Я промолчала.

Мне однажды уже приходилось попасть в окружение, но нас было тогда порядочно, чуть ли не целый пехотный батальон. Завязав ночной бой с противником, солдаты под покровом темноты прорвали кольцо и пробились к лесу; даже две повозки с тяжелоранеными, которые были на моем попечении, удалось вывезти из-под обстрела.

А нынче нас двое...

Может, это и лучше, подумала я: где короткими перебежками, где ползком, через неубранные пшеничные поля, незаметно оторвемся от противника и пристанем к какой-нибудь нашей части.

Если бы немцы знали, что нас только двое, они бы, вероятно, не обрушили столько огня на овраг, где мы притаились с Трошкиным. Они, должно быть, думали, что имеют дело с целым воинским подразделением, штурмовавшим высоту, которая дважды переходила из рук в руки и теперь снова оказалась на их стороне. В этих-то коротких боях и погибла наша стрелковая рота.

Когда противник первый раз отбил высоту, капитан Неуструев поднял бойцов на новый штурм.

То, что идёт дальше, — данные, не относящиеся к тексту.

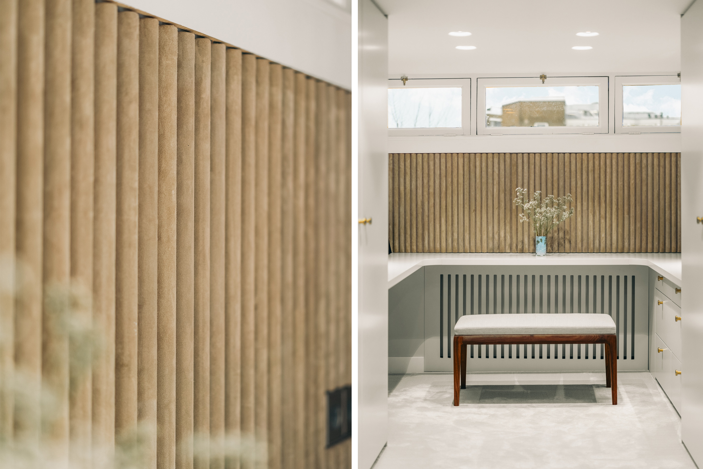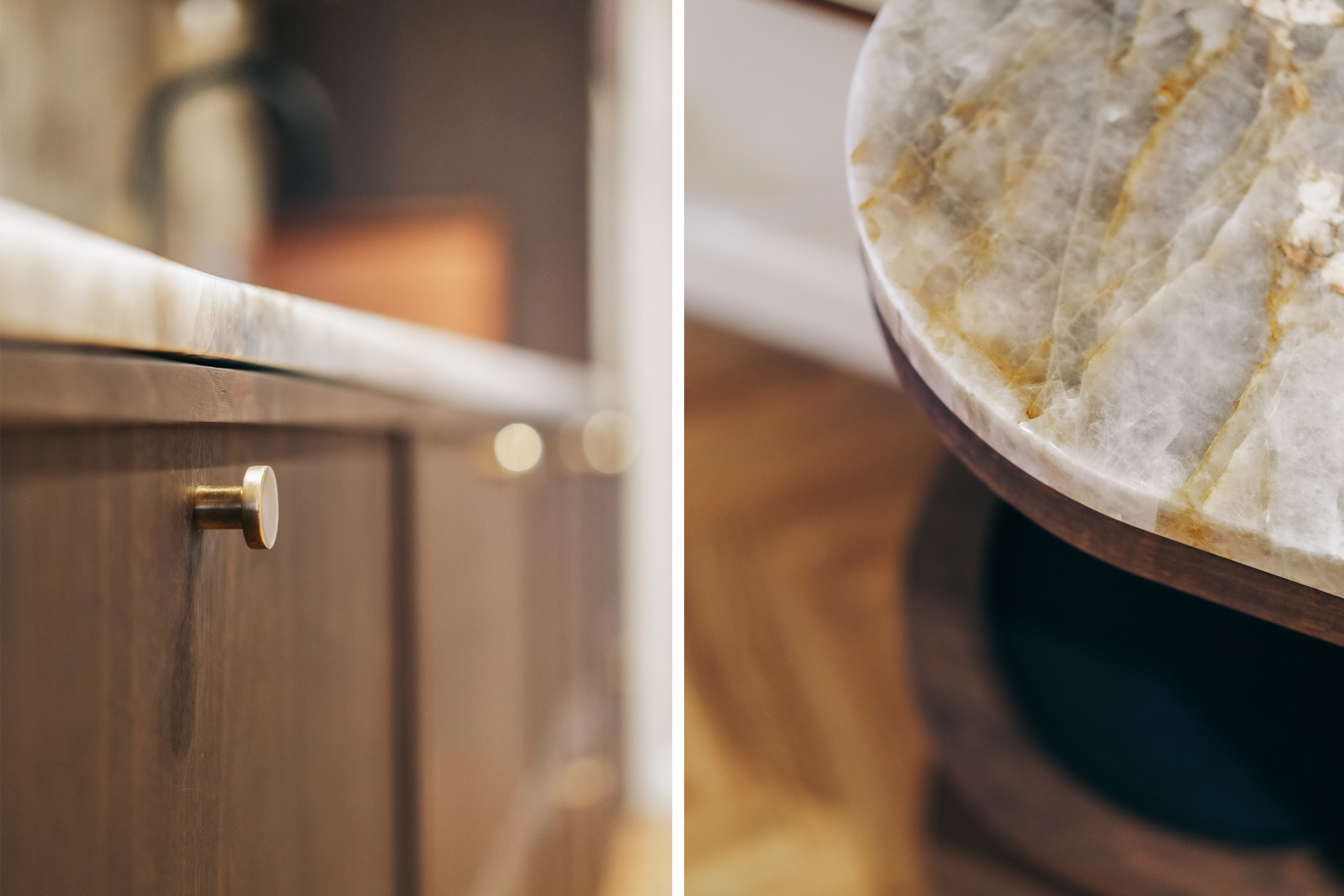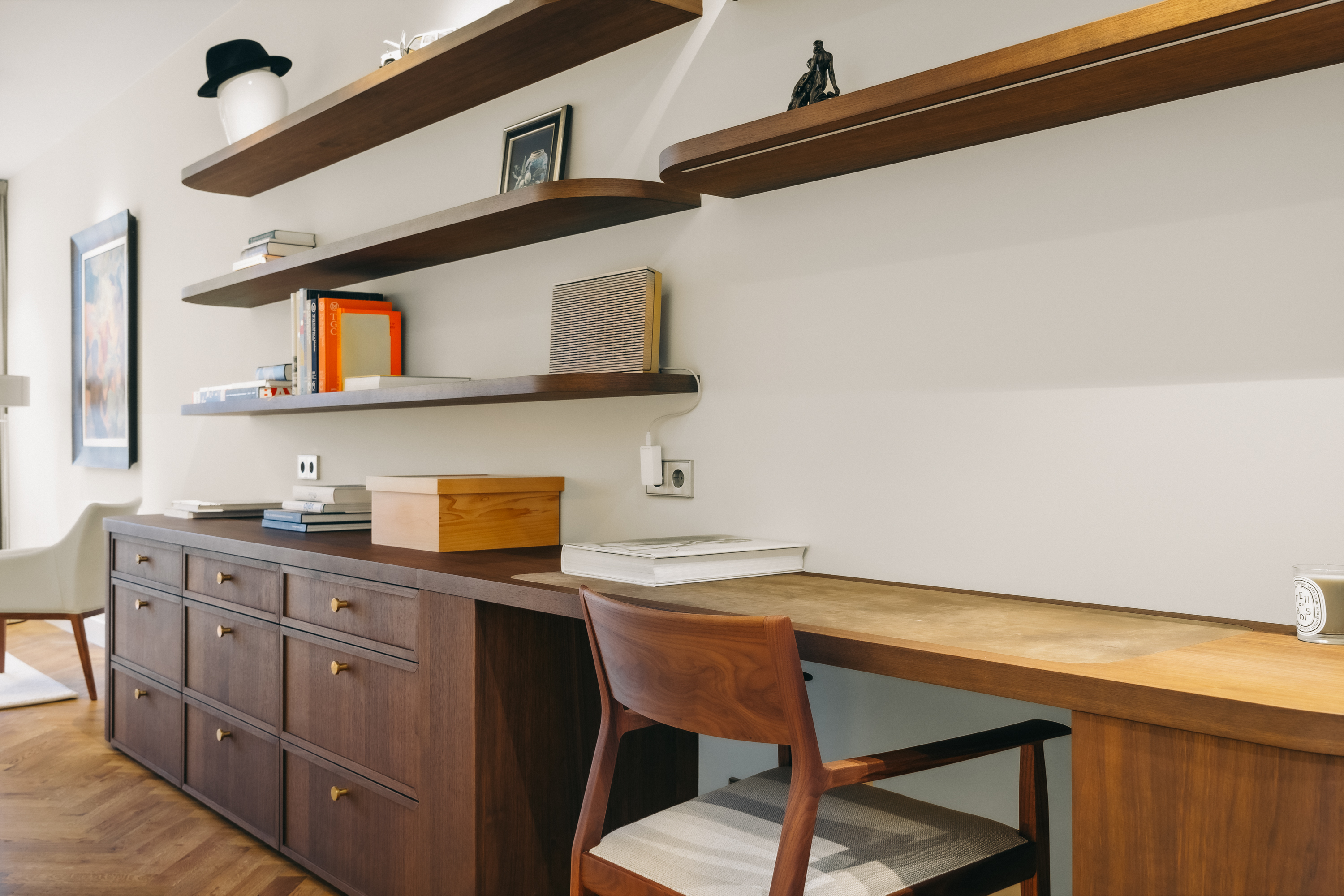 Along the wall, there is a custom-built cabinet with an integrated desk, finished in warm walnut veneer, providing generous storage and an elegant appearance. This bespoke solution makes the space highly suitable as a workspace, reading room, or reception area.

Передняя цепь уже ворвалась во вражеские траншеи и дело чуть не дошло до рукопашной; избегая штыковой атаки - немцы смертельно боялись ее, - они стали откатываться, оставив на склонах высоты десятки трупов.

Неожиданно налетели вражеские бомбардировщики, их было, помнится, не менее тридцати. Не успел капитан Неуструев скомандовать: "Воздух!" - как посыпались бомбы. Земля вздрогнула от взрывов. Только наши бойцы залегли, на смену бомбардировщикам со стороны солнца зашли истребители и стали на бреющем поливать из пулеметов.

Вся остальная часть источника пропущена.